- [TO DO]
Transcribe the entries below exactly from their first line through the line containing "Этот промт предназначен", and let no picture into the copy.

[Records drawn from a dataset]
***
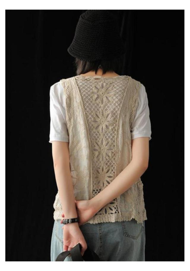 前開きベスト Vネック レディース 前開き レース 透かし編み ベスト ノースリーブ ショート丈 重ね着 花柄 トップス ニット サマーベスト ベスト ジレ レイヤード ゆったり ニットベスト カジュアル おしゃれ 春ベスト アウター 通勤 OL 春 夏
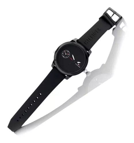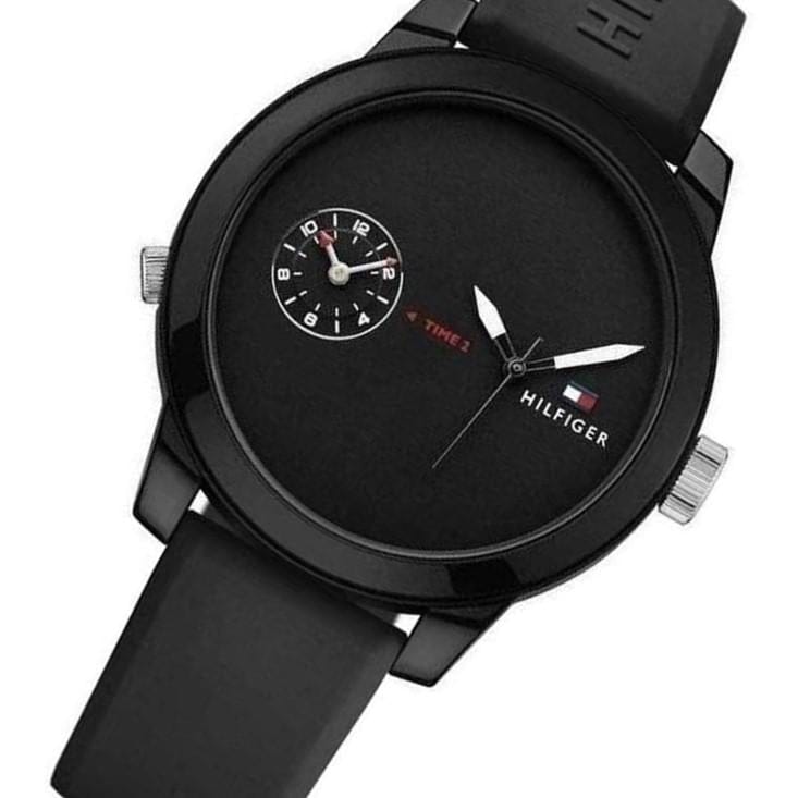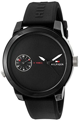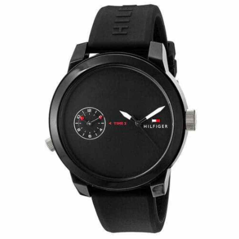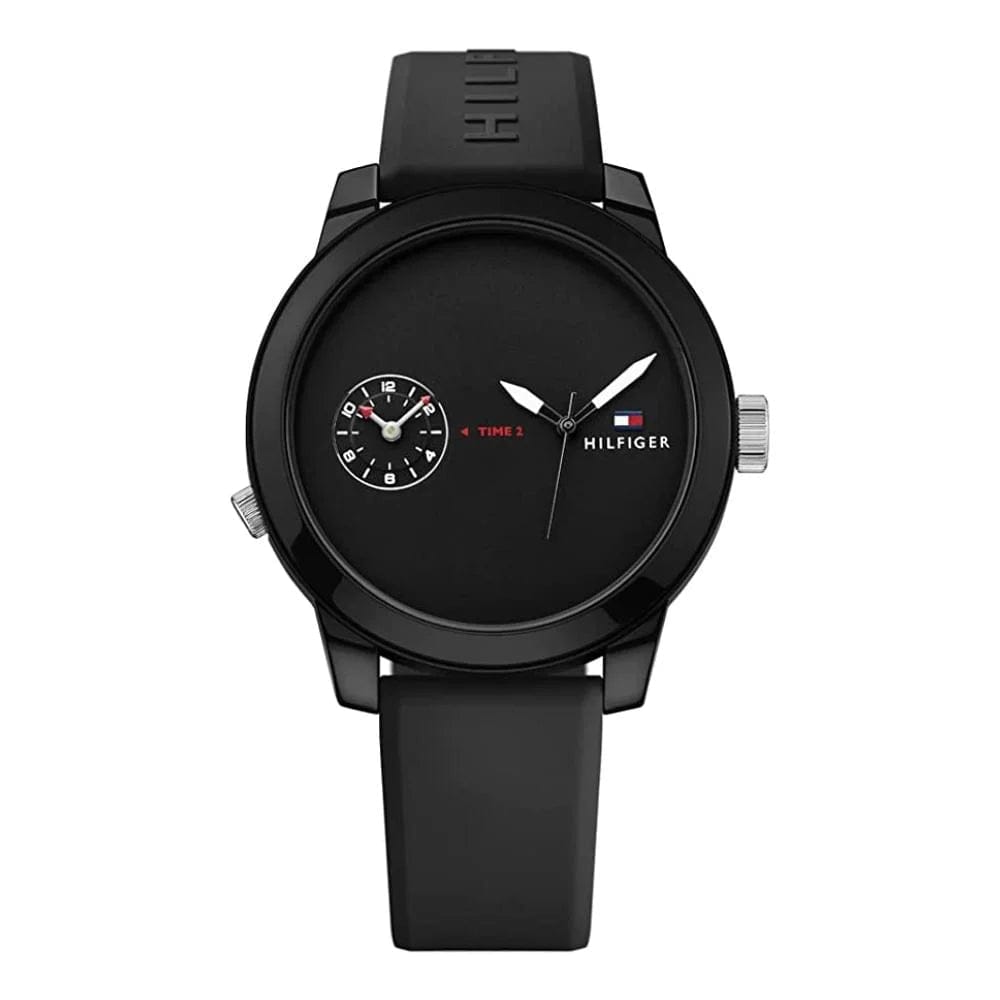 Tommy Hilfiger men's watch. Because timing is everything. Our modern-chic version of the sport watch features a sleek Black Silicone strap, with a Black-toned face and case. Nothing is cooler than the side-by-side, duel-dial placement.
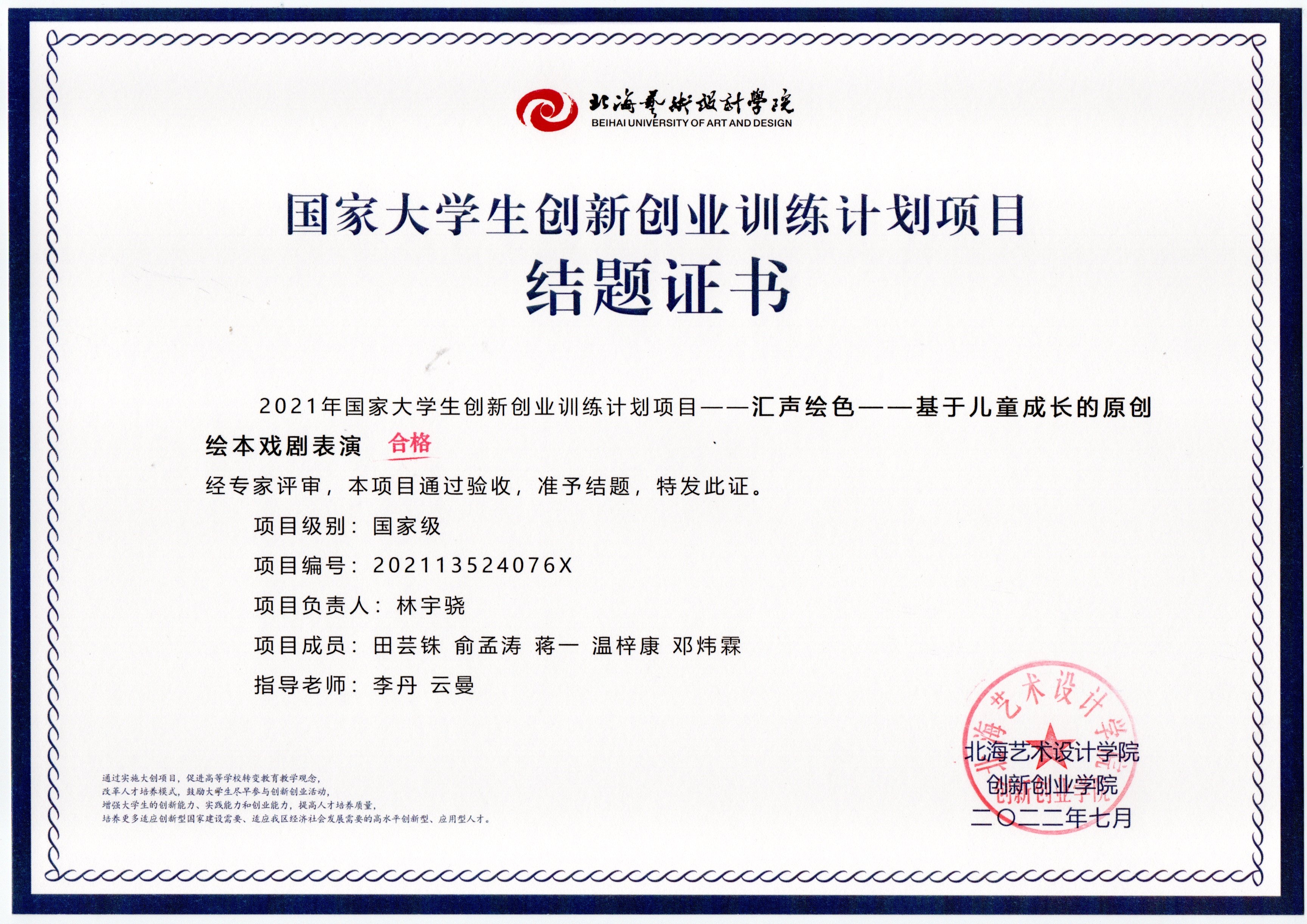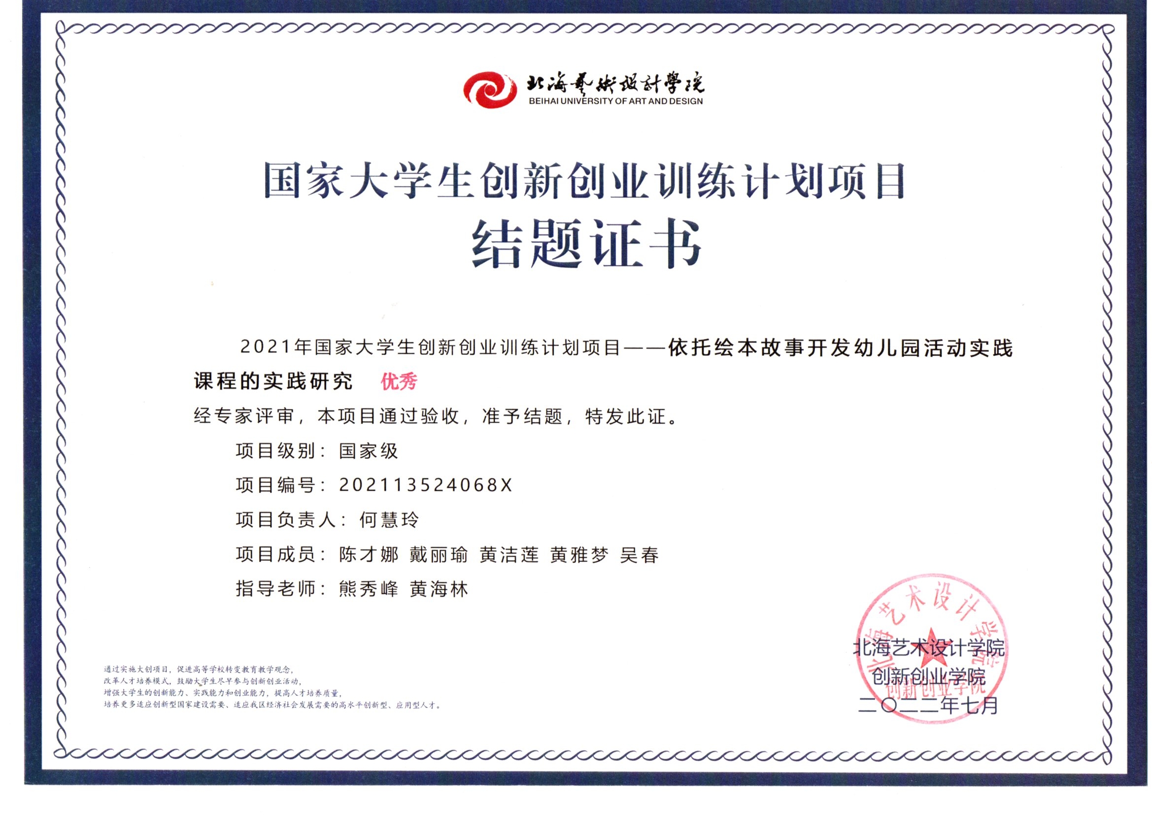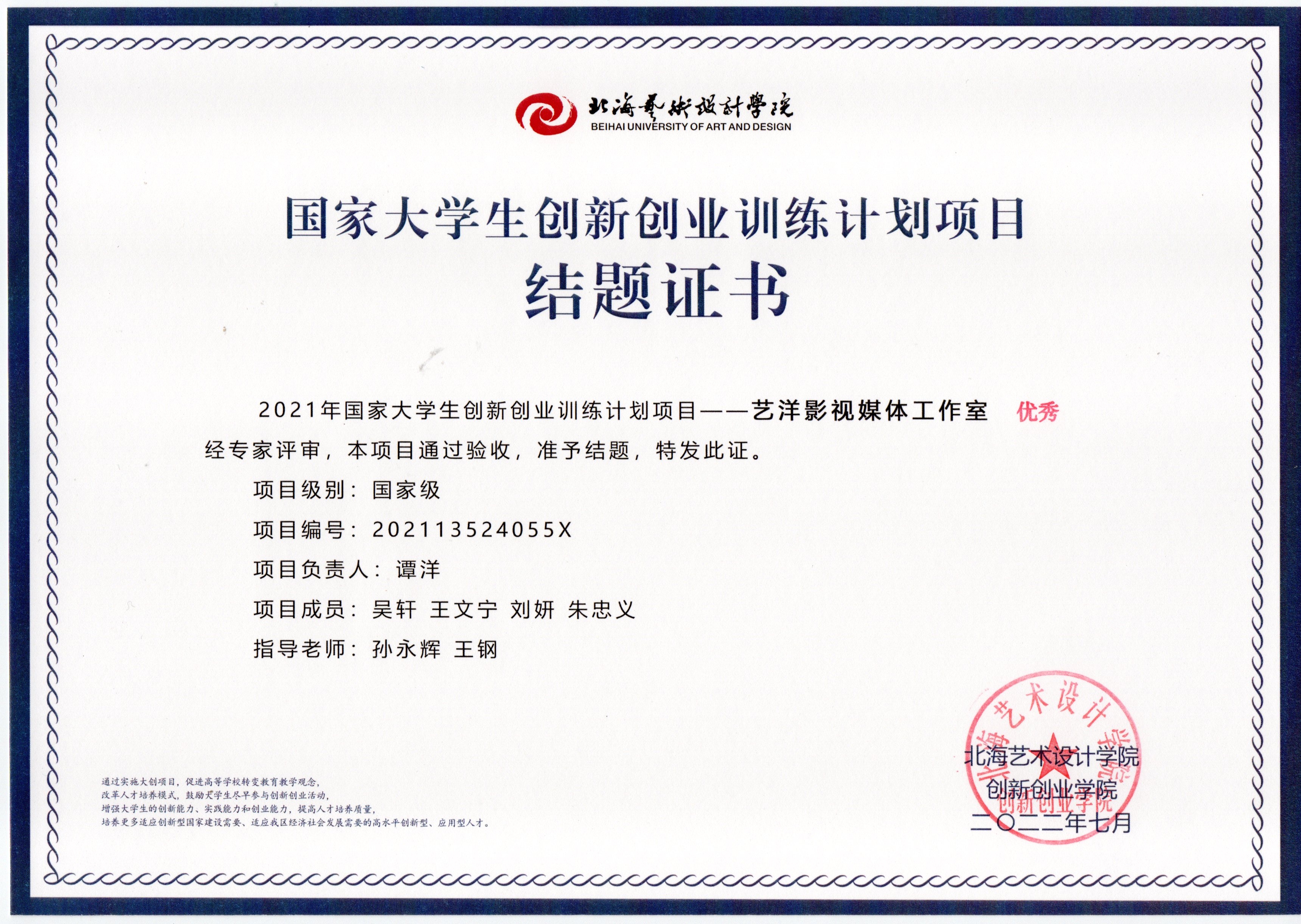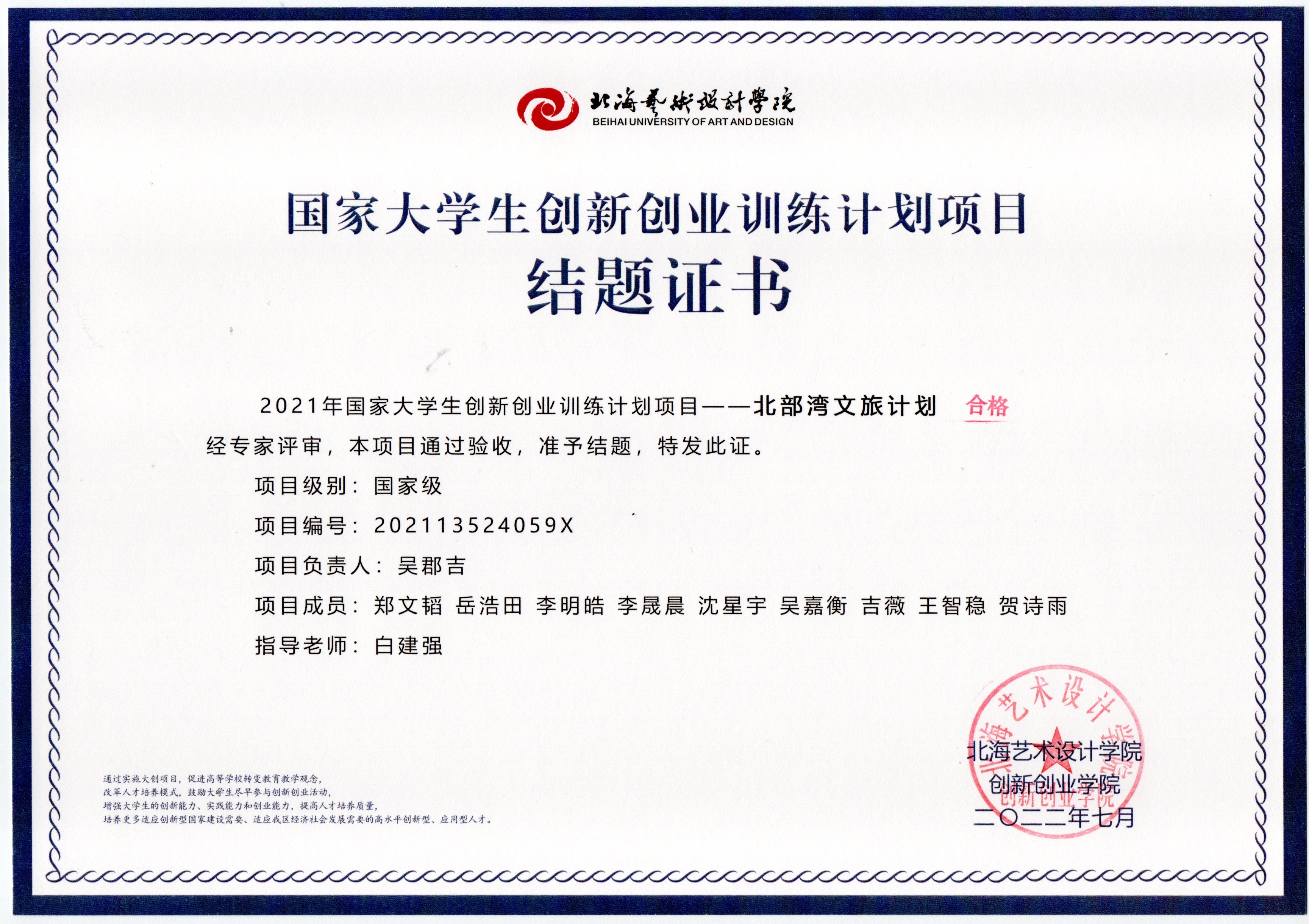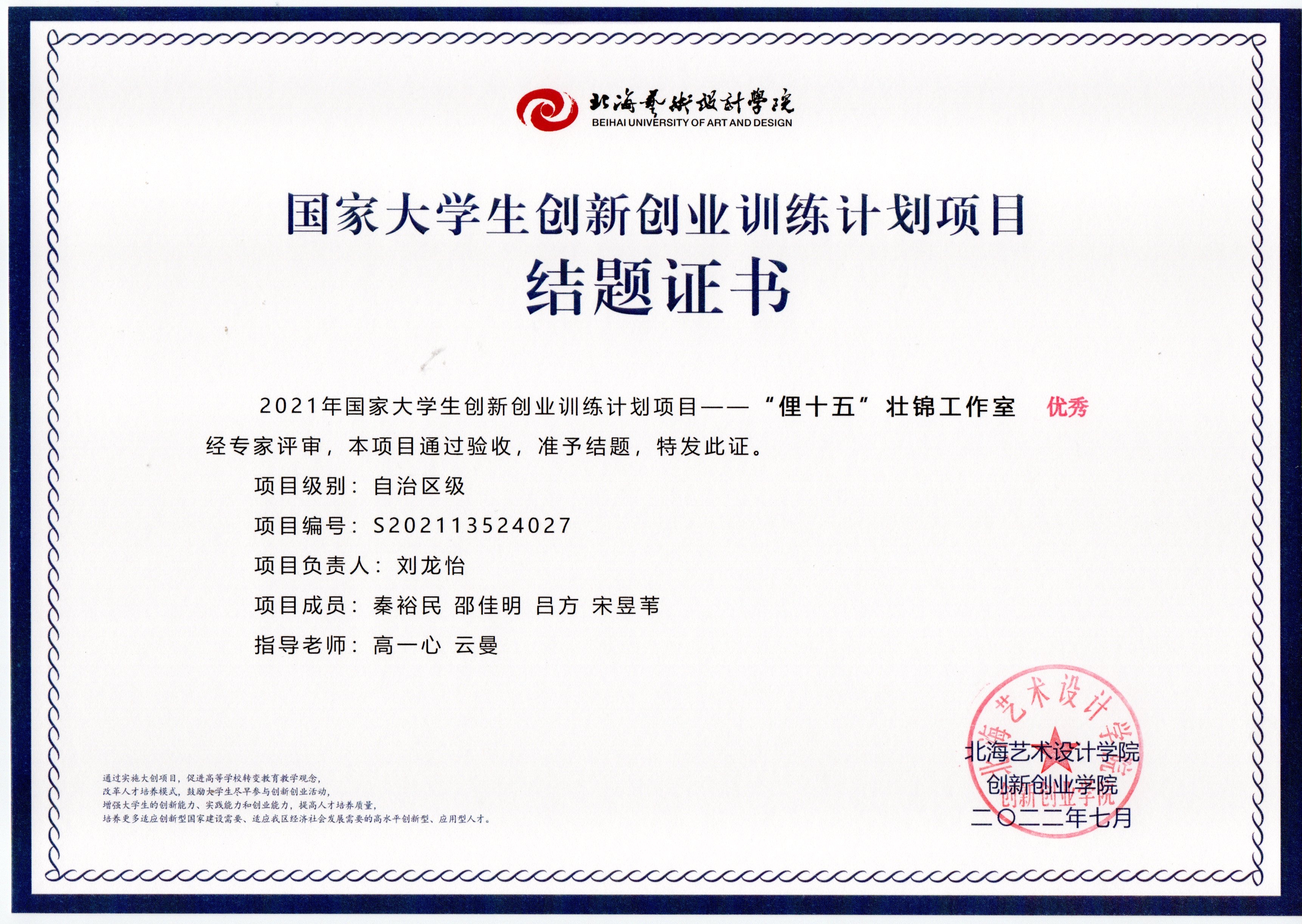 2022年大创项目结题证书(2021立项)
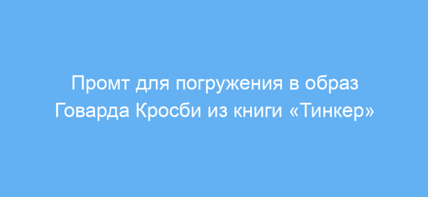 Этот промт предназначен для пользователей нейросетей, которым требуется добиться живого и аутентичного отклика от искусственного интеллекта в образе персонажа Говарда Кросби из книги «Тинкер» Пола Хардинга. Его стоит применять, когда нужна передача стиля и характера вымышленного героя — например, для творчества, ролевых игр, написания диалогов или развлечений.
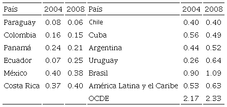 México se ha especializado en la exportación de productos manufacturados relativamente sofisticados, más que los exportados por otros países de América Latina. Lógicamente, estas exportaciones deberían haber permitido una inserción positiva en la división internacional del trabajo, que es una fuente de mayor crecimiento. Esto no sucedió. De hecho, la sofisticación de los bienes exportados es sólo aparente. Hay una ilusión óptica que se desvanece cuando consideramos no tanto la exportación de bienes sino la exportación del valor añadido producido en el país. La mayoría de las exportaciones de bienes industriales -con la notable excepción del sector automovilístico, en el que la integración es mayor- está constituida por bienes ensamblados. Por lo tanto, hay pocos efectos de encadenamiento y el grado de integración nacional se reduce a las adquisiciones. Los bienes exportados son sólo aparentemente sofisticados, lo que se confirma con los datos sobre el esfuerzo de investigación y desarrollo en relación con el PIB de América Latina que hemos visto.
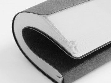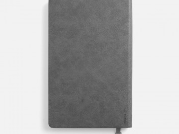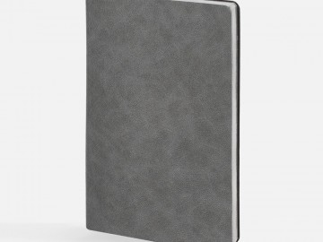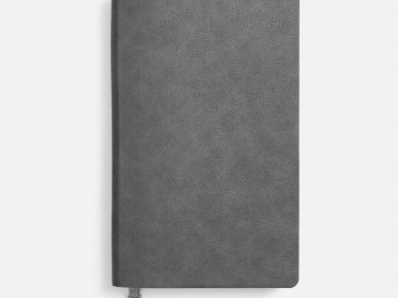Ежедневник с гибкой обложкой, выполнен из материала Petrus, серый СС, дополнен серым ляссе с металлическим шильдиком.
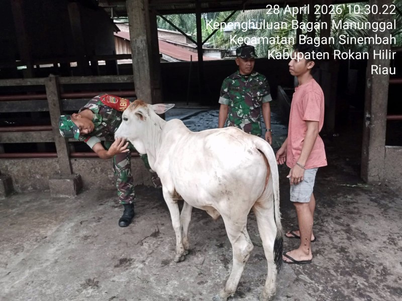Pantau Kesehatan Ternak Warga, Babinsa Koramil 0321-03/Bgs Rohil Datangi Kandang Sapi
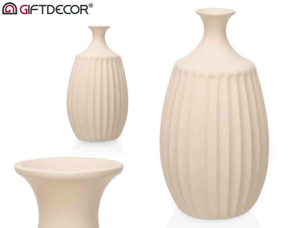 Vase ceramique goulot étroit 48cm beige
***
- [SOLUTION TO THIS EXERCISE]
 前開きベスト Vネック レディース 前開き レース 透かし編み ベスト ノースリーブ ショート丈 重ね着 花柄 トップス ニット サマーベスト ベスト ジレ レイヤード ゆったり ニットベスト カジュアル おしゃれ 春ベスト アウター 通勤 OL 春 夏
 Tommy Hilfiger men's watch. Because timing is everything. Our modern-chic version of the sport watch features a sleek Black Silicone strap, with a Black-toned face and case. Nothing is cooler than the side-by-side, duel-dial placement.
 2022年大创项目结题证书(2021立项)
 Этот промт предназначен для пользователей нейросетей, которым требуется добиться живого и аутентичного отклика от искусственного интеллекта в образе персонажа Говарда Кросби из книги «Тинкер» Пола Хардинга. Его стоит применять, когда нужна передача стиля и характера вымышленного героя — например, для творчества, ролевых игр, написания диалогов или развлечений.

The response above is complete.